But I don't have anything to investigate this event. So, um. At a minimum, I would say, you know, setting budgets, getting all your observability in place. So when the activity starts to happen, you can keep a close eye on it. And then, you know, as you step back to higher tiers within the organization, I would say you need everyone on the same page.

You need the person who set that budget to understand what it means. Like if they go over and. Um, the team who's doing it to know what the budget is and how close they are so they can adjust their behavior accordingly. Like, all these people need to be kind of signed in together looking at the same information.

And so if that's not a Cloud Center of Excellence, you need to find some other way to get all that coordination happening amongst those different players.

Greg Alhiem: Man, that's just, it's so much to, to think about. I did giggle to myself a little bit when you were talking about the budget because I, I can remember when, when I was learning, uh, AWS the, you know, on my own credit card, like the very first thing that, that I learned was put a budget in place because you don't want to make one mistake, and then, you know, you get a, you get a bill, right.

That totally changes your life trajectory.

Lukas Karlsson: Right. Oh my, I mean, I've thought, you know, you've seen these stories on the internet. If someone gets this huge bill and I'm like.

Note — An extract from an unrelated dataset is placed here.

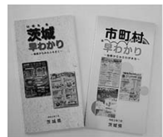
茨城早わかり/市町村早わかり

Okay, that's a company, but. The risk is no lower for me. Like I could easily commit my service account key to a public repo by mistake, and then I could get hacked and I could have a 30,000 bill.

And so like, there's no way I could write a check for that, you know, that would be devastating. And so, yeah, I like, I'm maybe even more cautious about it with my own accounts, but. Even I even, uh, get the benefit because I'm a partner with multiple cloud providers. I get some credits that I can use to purchase cloud services, you know, automatically.

And like, I monitor those accounts just as closely because I had an experience once where I got lazy. I was like. Oh, I got a nice, uh, healthy credit in there that should last me a year. I don't even need to think about it. And, you know, for six months, I'm not, my card is not being charged at all because I'm benefiting from this sizable credit.

And then one day I have a charge of like hundreds of dollars that I don't even recognize. And I'm like, what happened here? And it was like, Oh, I changed something, didn't, wasn't paying attention, burned up the whole free credit that I had, and now it's actually charging my credit card. And so it's like scrambling to try and resolve this.

And again, this is just me as an individual person. Can you imagine the risk that's involved when you have potentially dozens or hundreds of practitioners who are each able to make a costly mistake very easily. It's just, you expose yourself to so much potential risk there. And that's why folks need to get ahead of it early.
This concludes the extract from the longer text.